Musei che entusiasmano, giovani al centro dell'attenzione
Giornata dei Musei altoatesini 2025 al Museion all'insegna del motto “Giovani e musei”. Possibilità per attirare i giovani e stimolare il loro interesse per i musei.
BOLZANO (USP). All'insegna del motto “Giovani i musei”, la Giornata dei Musei altoatesini 2025, tenutasi il 27 novembre al Museion di Bolzano, è stata dedicata alla partecipazione dei giovani. Al centro dell'attenzione: progetti creativi, format e idee che suscitano l'entusiasmo dei giovani tra i 15 e i 25 anni per i musei.
La giornata è iniziata con conferenze tenute da Adrian Scholz-Alvarado dell'Istituto per la ricerca sulla partecipazione culturale di Berlino, Monika Holzer-Kernbichler (Kunsthaus Graz) e Tommaso Galligani (Gallerie degli Uffizi, Firenze) su mediazione, comunicazione e partecipazione culturale.

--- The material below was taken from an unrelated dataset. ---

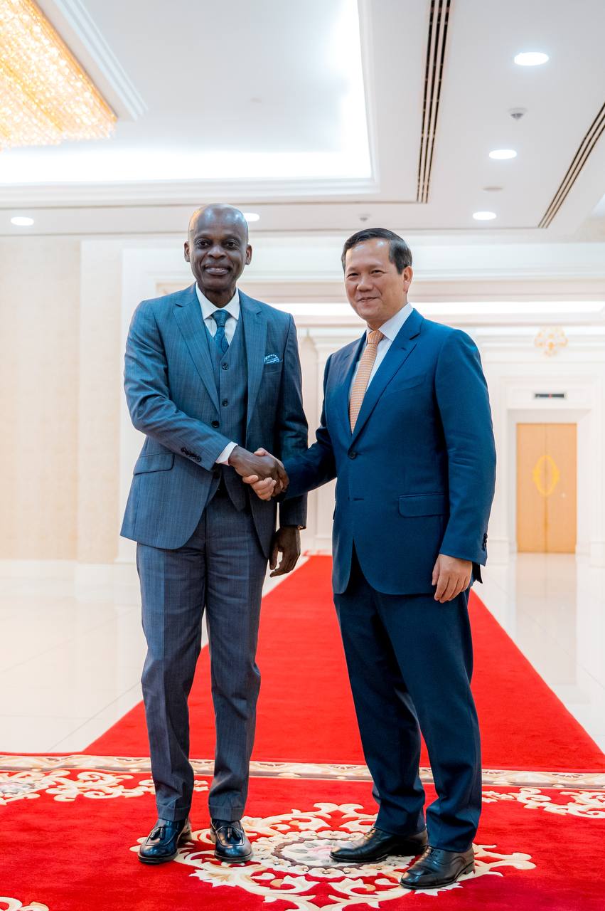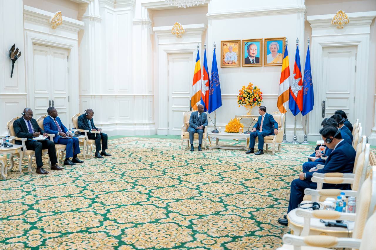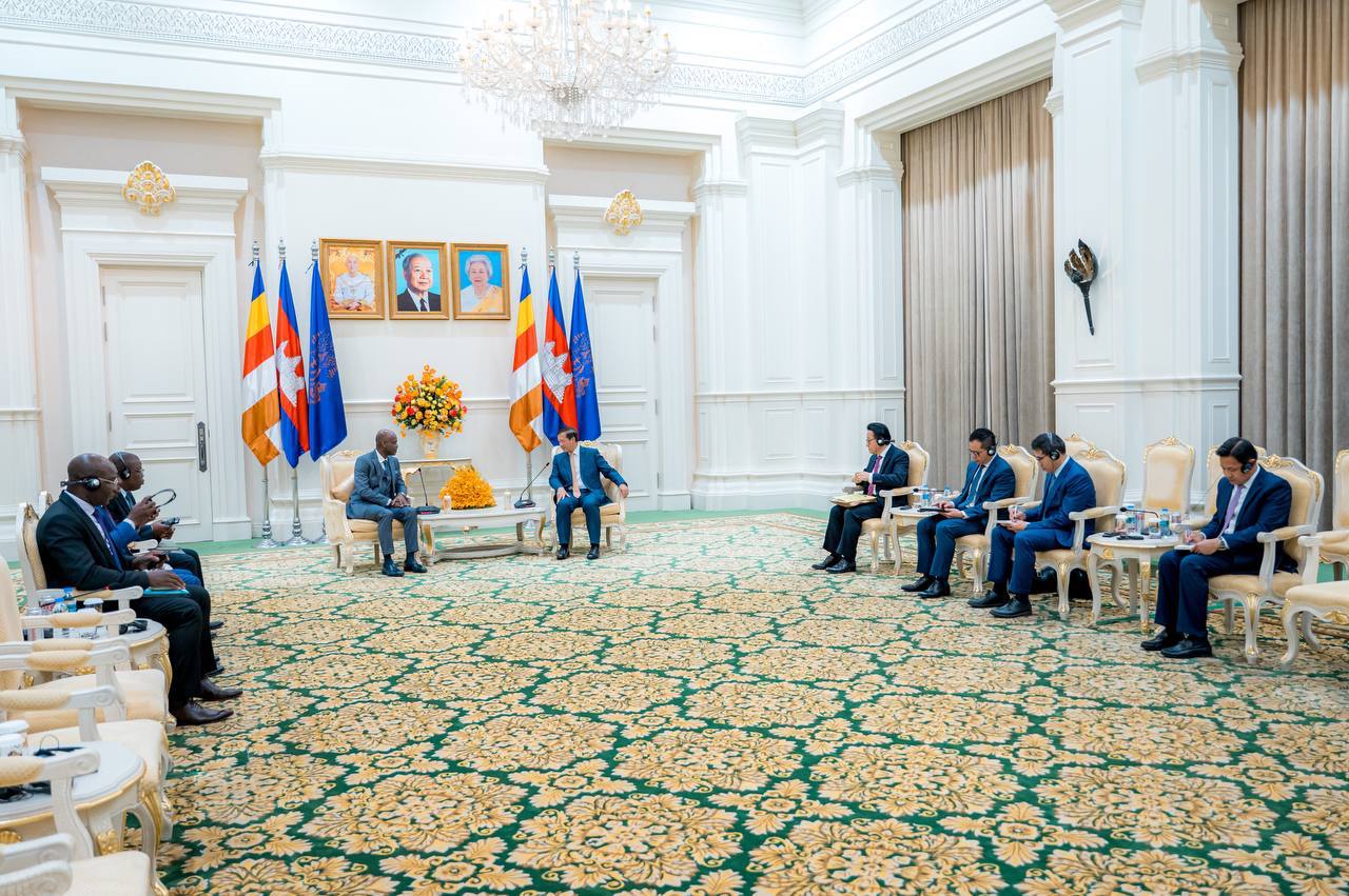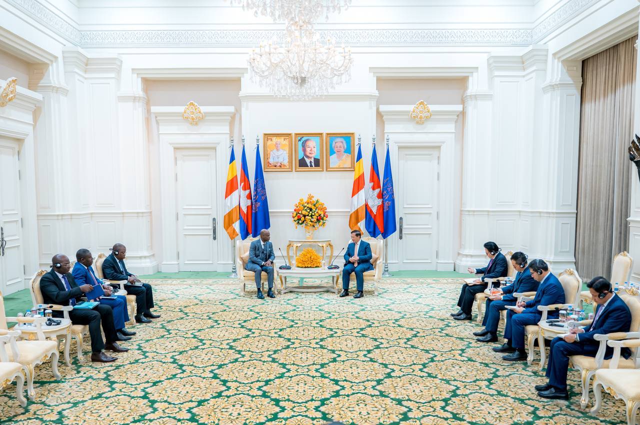 ភ្នំពេញ៖ ថ្ងៃទី២០ ខែមីនា ឆ្នាំ២០២៥ សម្តេចមហាបវរធិបតី ហ៊ុន ម៉ាណែត នាយករដ្ឋមន្ត្រី នៃព្រះរាជាណាចក្រកម្ពុជា អនុញ្ញាតជូនឯកឧត្តមសាស្ត្រាចារ្យ Robert DUSSEY រដ្ឋមន្ត្រីការបរទេស សមារណកម្មតំបន់ និងប្រជាជនតូហ្គោនៅបរទេស នៃសាធារណរដ្ឋតូហ្គោ ចូលជួបសម្តែងការគួរសម និងពិភាក្សាការងារ នៅវិមានសន្តិភាព រាជធានីភ្នំពេញ នារសៀលថ្ងៃទី២០ ខែមីនា ឆ្នាំ២០២៥។

Successivamente, la sessione poster ha mostrato come i musei provinciali coinvolgono attivamente i giovani: ricostruire digitalmente il Forte di Fortezza con il videogioco Minecraft, concerti, workshop o mostre digitali: i progetti sono colorati, interattivi e invitanti. Il Museo Diocesano nel Palazzo Vescovile di Bressanone ha presentato audioguide sviluppate insieme ai giovani, che rendono udibili le loro prospettive.
Nel pomeriggio l'attenzione si è concentrata sullo scambio diretto con i giovani, per raccogliere le loro idee, i loro desideri e i loro punti di vista.
L'assessore provinciale Philipp Achammer ha sottolineato durante l'inaugurazione: “I musei sono luoghi importanti per la partecipazione democratica. È fondamentale coinvolgere attivamente i giovani e offrire loro spazi in cui possano esprimere le loro opinioni”.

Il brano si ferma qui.